During chunk creation the CRC32 value for the chunk data is computed, and an issue will be raised if it is different to what is expected.

Let’s test this to see if it parses the IHDR chunk:

var header_chunk = parse_next_chunk(file_contents, 8)
print(header_chunk.type)
read_head = header_chunk.end
IHDR

The next few chunks are called “Ancillary chunks”, and are not strictly necessary.

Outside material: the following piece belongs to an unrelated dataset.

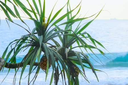 Branches of a tropical palm tree with fruits on the background of the sea. Sri Lanka
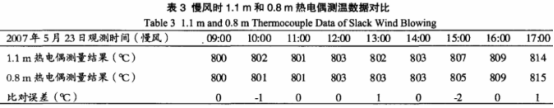從表1、表2的實驗結果可看出,正常生產時,1.1m熱電偶的測溫結果與0.7m熱電偶的測溫幾乎相同,但在高爐生產不順而慢風時,0.7m熱電偶在慢風狀態下測量溫度有一-定的誤差。為此更換成0.8m熱電偶,在風溫1用1.1m熱電偶,風溫2用0.8m熱電偶進行測溫實驗,其實驗結果如表3所示。

They contain image attributes (like gamma) that may be used in rendering the image:

var gamma_chunk = parse_next_chunk(file_contents, read_head)
print(gamma_chunk.type)
read_head = gamma_chunk.end
gAMA
var chromacity_chunk = parse_next_chunk(file_contents, read_head)
print(chromacity_chunk.type)
read_head = chromacity_chunk.end
cHRM
var background_chunk = parse_next_chunk(file_contents, read_head)
print(background_chunk.type)
read_head = background_chunk.end
bKGD
var pixel_size_chunk = parse_next_chunk(file_contents, read_head)
print(pixel_size_chunk.type)
read_head = pixel_size_chunk.end
pHYs

The image data chunk

The IDAT chunk (there can actually be several of them per image) contains the actual image data.

var image_data_chunk = parse_next_chunk(file_contents, read_head)
print(image_data_chunk.type)
read_head = image_data_chunk.end
IDAT

Decompression

PNGs are compressed (losslessly) with the DEFLATE compression algorithm.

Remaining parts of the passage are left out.